Слова вылетели быстрее, чем я успел их обдумать, и каждое из них ударило старика — я видел это, видел совершенно отчетливо, потому что мир вдруг стал острым и медленным, а руны на моем запястье вспыхнули, предупреждая об опасности.
Пергаментные веки дрогнули. Седая бровь чуть приподнялась и тут же опустилась. На вспухли желваки и разгладились через мгновение. А потом на запястье левой руки, которой он опирался на трость, вспыхнули руны. Все двадцать.
Они вспыхнули так ярко, что свет их пробил несколько слоев плотной шерстяной ткани мундира и просочился наружу горячим, золотым, нестерпимо-чистым сиянием.
Его рунная мощь ударила меня густой, плотной волной, какую я ощущал лишь единожды в жизни — когда князь Псковский, убив моего отца, обрел очередную руну. Она давила на грудь, звенела в висках и заставила сжать челюсти до зубовного скрежета. Я почувствовал, как медленно подгибаются колени, но устоял на ногах, продолжая смотреть в глаза старику.
Я совершенно не к месту вспомнил, как умирали мой отец, братья и сестра, а Волховский стоял у окна и вглядывался во тьму. Я знал ответ на свой вопрос. Да и не вопрос это был, а выплеск эмоций, которые я всегда тщательно контролировал.
— Если бы ты не был другом моего правнука… — начал старик, но не договорил, мгновенно взяв себя в руки.
Он мог бы стереть меня в пыль, просто щелкнув пальцами, но сдержался, и давление его Ауры схлынуло. Разъяренный, раздавленный горем старик исчез, и передо мной возник прежний князь Волховский — двадцатирунник, член Имперского Совета, в ироничной маске вежливого, отстраненного собеседника, с привычной полуулыбкой на устах.
Только глаза остались прежними. Глаза — две темные, обугленные ямы, в которых тонули оранжевые отблески.
— Я и за меньшие дерзости убивал, — сухо сказал он, и убрал руку с моего плеча.
Это не было угрозой. Это была горькая правда, произнесенная человеком, который убивал так часто и так много, что наверняка не считал нужным запоминать тех, кто пал от его руки.
— Дай тебе Единый не пережить все то, что пережил я, — тихо произнес он, и его голос неожиданно дрогнул.

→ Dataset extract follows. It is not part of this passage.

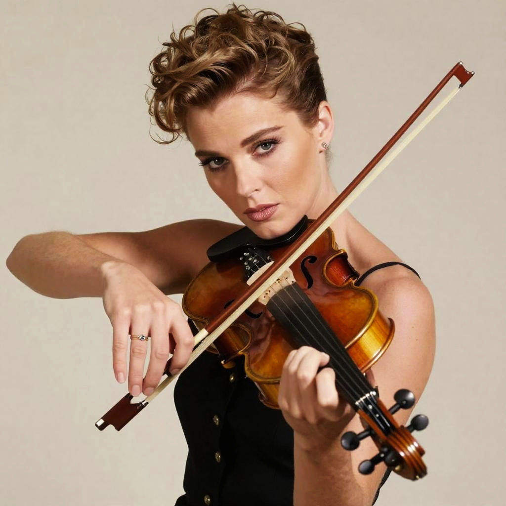 A focused woman with short curly hair plays the violin against a plain beige background, showcasing her skill and passion for music. Her intense gaze and elegant black sleeveless top highlight a modern yet classical style in this expressive portrait.

Я смотрел ему в лицо и чувствовал тяжесть, которую даже представить себе не мог. Двадцать рун. Сто с лишним лет. Двое жен, обе давно ушли. Дюжина детей, почти все из которых уже мертвы. Внуки, правнуки, праправнуки. Огромная семья, разраставшаяся вширь и в глубь годами, и почти каждый ее побег рано или поздно кто-то срезал — чужой клинок, междоусобица или очередной Прорыв.
Я представил эту череду погребальных костров, растянувшуюся на век, и мне стало по-настоящему страшно. Я не сводил взгляда с лица Волховского и думал о своем будущем, и в какой-то момент что-то внутри меня щелкнуло. И за этим щелчком пришло холодное и ясное понимание, что я больше не могу ждать. Что время кончилось, и нужно либо действовать уже сейчас, либо снова прятаться от жизни и себя самого.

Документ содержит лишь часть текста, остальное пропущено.